Jay Bennish Update: Walter Williams Expounds
The estimable Dr. Williams is getting a great deal of visibility on BizzyBlog today, and is certainly deserving of it.
Recall that it was Dr. Williams’ February 22 column that exposed Jay Bennish’s geography class political tirade. The groundswell grew into a national outrage after Sean Allen, the student who recorded Mr. Bennish, went on Mike Allen’s talk-radio program in Denver and played the tape.
Last Wednesday, Williams informed readers, as if there was any real doubt, that there are plenty of Jay Bennishes out there indoctrinating kids. He also compares his teaching approach to Bennish’s, and makes it clear that wasting precious time on non-subject material (indoctrination or not) is not an innocent pasttime:
The issue is neither academic freedom and free speech nor public exposure of the teacher’s comments.
It’s academic and intellectual dishonesty when a teacher, who is supposed to be teaching geography, uses his classroom to indoctrinate relatively uninformed teenagers. Recording the teacher’s comments broke neither school policy nor Colorado law. But more importantly, I believe that what teachers say in class should be subject to parental and public scrutiny.
I’ve taught economics for 37 years. I encourage students to record my lectures. Moreover, I tell them that the class deals with positive economics and if they hear me make a statement appearing to be an opinion, without saying so, they are to raise their hands and say, “Professor Williams, we didn’t take this class to be indoctrinated with your personal opinions passed off as economic theory; that’s academic dishonesty.” I also tell them that if I ever preface a comment with, “In my opinion,” they can stop taking notes because my opinion is irrelevant to economic theory.
I’ve received numerous letters from all over our country saying that indoctrination at Overland High School is by no means unique. It’s widespread, and much of it is anti-American. Where the indoctrination is not anti-American, it’s an attack on family values and traditional standards of decency. The unique aspect of the Overland High School affair is the hard, undeniable recorded evidence. Without it, teachers and administrators might have lied, denied or misrepresented what was said. After all, it would be the word of a teenager against an adult professional. Today’s microtechnology, might be just what the doctor ordered to put a stop to teachers using their position to indoctrinate our youth.

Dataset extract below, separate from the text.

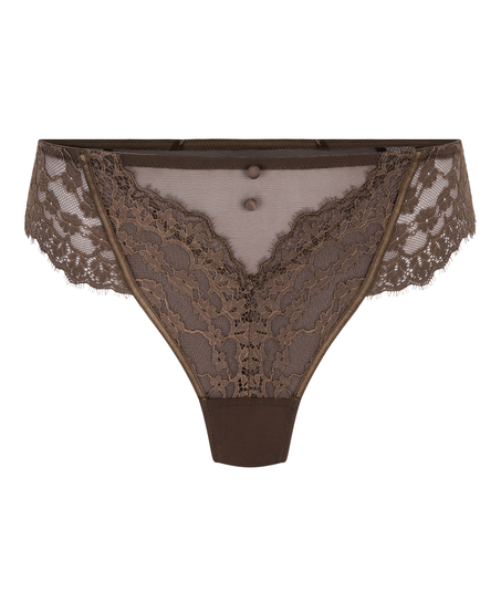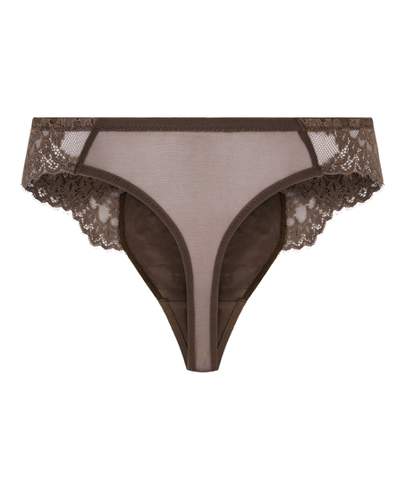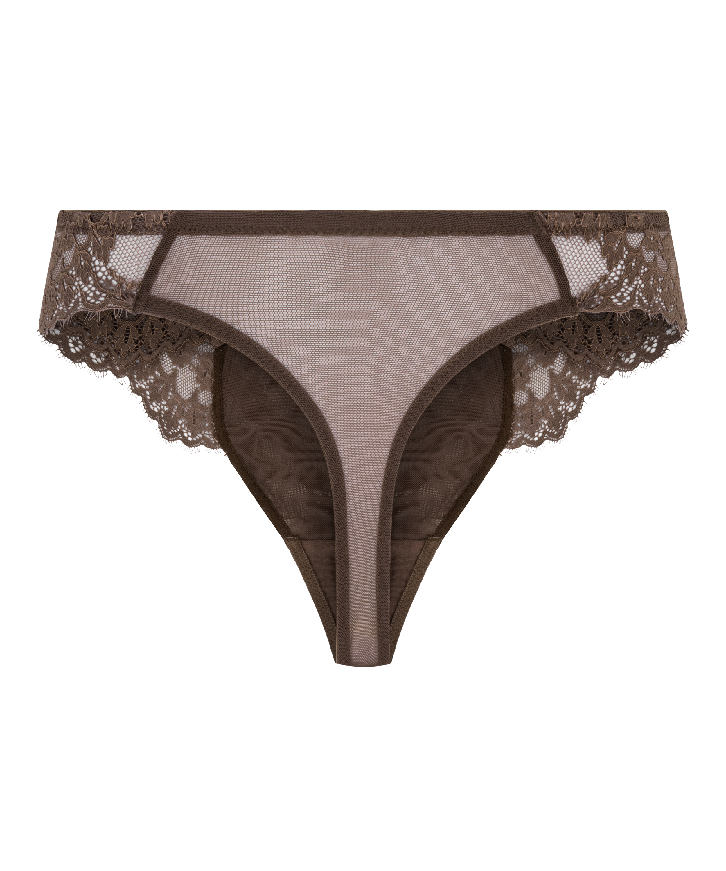 Denne trendy thong har en gjennomsiktig blonde foran og en mesh bak. En liten knapp midt foran setter prikken over i'en.

Preaching instead of teaching might go a long way toward explaining why in civics, math, reading, writing and geography, nearly a quarter of all students leave high school with academic skills that are “Below Basic,” the category the National Assessment of Educational Progress (NAEP) uses for students unable to display even partial mastery of knowledge and skills fundamental for proficient work at their grade level. In science, 47 percent leave high school with skills Below Basic, and in American history, it’s 57 percent. I’d like for Jay Bennish’s supporters to explain how his indoctrination will help that.
Me too, but I’m not expecting a coherent answer, or even any.